Startup

Startup by Doree Shafrir

Rating: 4.5 stars

This book was equal parts incredible and infuriating.  There were so many times when I wanted to throw it at a wall because of how perfectly Shafrir captured the environment of casual sexism that still exists today, especially at startups.  I haven’t worked at a startup, but I know several women who have.  I worked at a at a large management consulting firm for two years out of college and my best friend worked as an I-banker in NYC for those two years.  We all frequently shared workplace horror stories.  A disturbingly high amount focused on the “bro-culture” and sexism that men didn’t ever seem to notice. 

At my office we had a manager that the women called (only amongst ourselves) the “sexual harassment manager.”  He was younger than most other managers, single with no kids, so he would frequently party with the younger consulting staff.  We were only a year or two out of college, and my company had a heavy drinking culture with beer in the office and frequent happy hours (that lasted until one or two in the morning) on their dime.  This manager, let’s call him Justin, would always get drunk and hit on any female associates or consultants he saw.  I am not exaggerating when I say almost every woman at the office had a Justin story.  He cornered them in the office kitchen after a late night game of slap cup.  He grinded way too hard on them at a club.  He even slept with a few despite being their boss.  Then he would be embarrassed around them for a couple of days and try to avoid working with them. 

At one of these events Justin was drunk as usual and tried to kiss me.  Then he kept trying get me to go back to his place.  I kept trying to shoo him off, but when I reached out to the older male consultant there for help I was told not to overact.  “That’s just Justin.”  The next day at the office he was awkward around me, and I could barely look him in the eye even though I did nothing wrong.  He even pulled me off a financial model that required working closely with him and gave it to another associate. 

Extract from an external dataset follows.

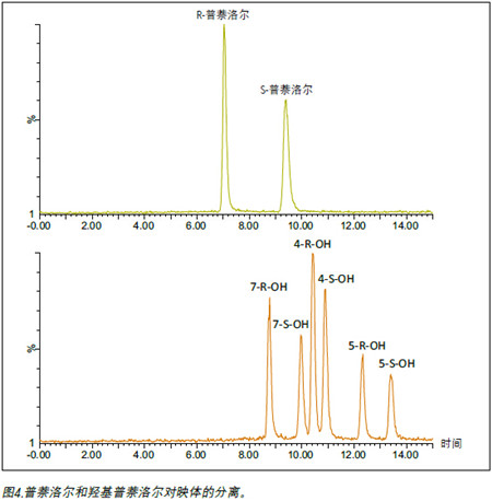 3.0×150 mm色譜柱,以甲酸銨改性的甲醇作為共溶劑對普萘洛爾進行了分離。在本例中,通過使用線性梯度并將柱溫保持在30 ℃,六種構型的羥基普萘洛爾在14 min內成功實現分離。
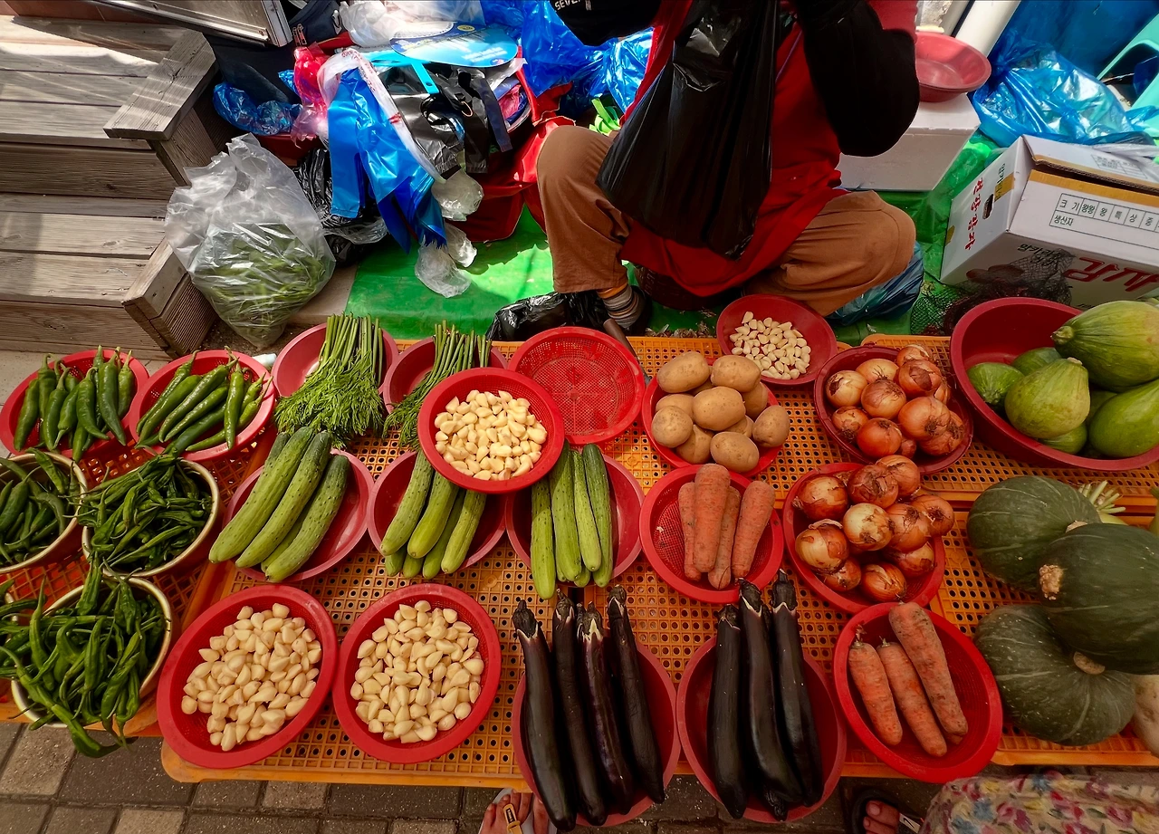구경이나 하자고 하던 아내는 집에 김치가 다 떨어졌으니 파김치나 담가야겠다며 쪽파를 한 묶음 샀다. 나는 지갑을 꺼내 아내에게 현금을 건넸다. 돈을 내니 아저씨가 덤으로 한 움큼을 더 넣어주었다. 사는 김에 배추도 좀 사고 콩도 샀다. 한 할머니가 깐 콩 옆에 꼬투리째 붙어 있는 서리태를 놓고 있길래 얼마냐고 물었더니 만 원이라고 했다. 꽤 묵직했지만 아내는 막상 까보면 양이 얼마 안 될 거라고 속삭였다. 장에 나와 물건을 파는 상인들 중엔 젊은 사람도 있지만 대부분은 할머니들이다. 아내는 시장을 자주 다니다 보니 이제는 척 봐도 농사지은 걸 가져온 할머니인지 그냥 고용된 할머니인지 알 수 있다고 한다. '고용된' 할머니들은 콩이나 가지, 오이, 호박 같은 걸 앞에 조금 놓고 최대한 불쌍한 표정으로 앉아 있다가 다 팔고 나면 주인이 세워 놓은 트럭을 타고 의기양양하게 집으로 간다. 그걸 알면서도 사람들은 할머니의 연기에 속아주며 기꺼이 지갑을 여는 것이다.

I thought about reporting him, but every male consultant just told us it was normal, sometimes guys get too drunk.  One even said we should only be offended if he hadn’t drunkenly hit on us.  To this day I regret not going to HR.  Even if I had, though, I doubt anything would have happened.  He was a top performer and promoted to sexual harassment partner after I left, plus rumored to be sleeping with an associate 10 years younger than him.

The office cultures described in this book unfortunately exist, and Shafrir does an amazing job describing just insane they can be.  While it can be hard to believe that Isabel doesn’t understand what sexual harassment is, the lines between work and personal lives are increasingly blurred.  It can be hard to tell in those environments what is and isn’t appropriate, especially when men higher up want to normalize some of these questionable behaviors. 

I also wasn’t surprised that Dan leaves all the childcare to his wife, who also works full time.  He fully believes that his work is more important than hers, and he frequently stays late without thinking to even check if her job needs her to stay late as well.  He only grudgingly agrees to stay at home with the kids so she can attend work events or stay late at the office, and then expects praise for just being a dad.  Katya’s boyfriend also thought his career was more important than hers, even when he didn’t have a job and was living at her apartment rent free (and annoying her roommate in the process).

This book contains a great description of millennial and startup culture, plus the subtle sexism that we still can’t seem to shake.  There is a passage near the end of the book where a group of men discuss how much harder it is to be male in today’s society, and I wanted to scream.  There are people that believe this.  Shafrir expertly touched several nerves in this book, and I can’t wait to read whatever she writes next.